Gerade erfahren, dass wir nächste Woche wieder die Kataloge für die Weihnachts- und Ostersüßwaren bekommen. Da hat der Sommer noch nichtmal annähernd angefangen und dann darf man sich schon wieder damit beschäftigen.

Interessante herausforderung ist, dass wir noch gar nicht wissen, ob bis dahin unser lange geplanter Umbau (inkl. Umflaggung auf gelb-blau) schon stattgefunden hat. Dementsprechend wissen wir auch noch gar nicht, wieviel Ware wir überhaupt benötigen. Das wird noch haarig…

Gehüpft wie gesprungen…

Der Fahrer eines Getränkelieferanten hat eine volle Palette mit Limokisten gegen den mittleren Flügel unserer Eingangstür gerammt, was nicht ganz folgenlos blieb.
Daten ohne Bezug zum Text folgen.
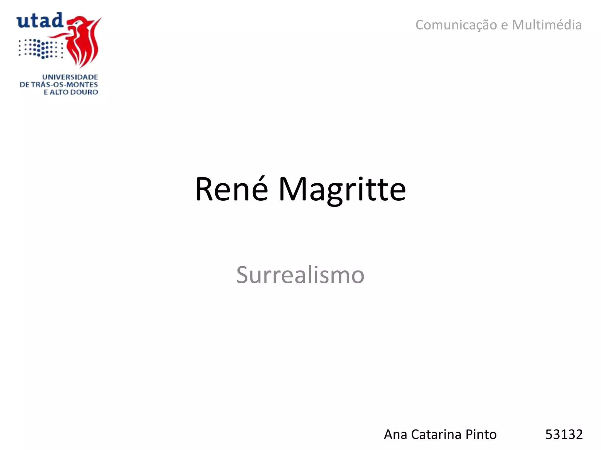 O documento discute o movimento artístico surrealismo e o pintor belga René Magritte, um dos principais expoentes desse estilo. O surrealismo surgiu em Paris na década de 1920 e buscava expressar o mundo do inconsciente e dos sonhos através da arte. As obras de Magritte, como "A traição das imagens" e "The Son of Man", questionavam a relação entre a imagem e o objeto representado de forma enigmática.

Aber mit Glasbruch kennen wir uns hier ja aus… :-|


Gerissen

Mit Nadeldrucker ausgedruckte Rechnungen bekommt man heutzutage eher selten. Einige Lieferanten nutzen sie zwar noch, aber die meisten Rechungen kommen aus Laserdruckern.

Ein Lieferant trennt auf seinen Rechnungen, die auf insgesamt sowieso schon eher dünnerem Papier gedruckt sind, die einzelnen Elementen mit horizontalen Linien ab, die von links nach rechts über das gesamte Blatt reichen. Beim Versuch, den Falz glattzustreichen, riss ich das Dokument sauber in zwei Teile.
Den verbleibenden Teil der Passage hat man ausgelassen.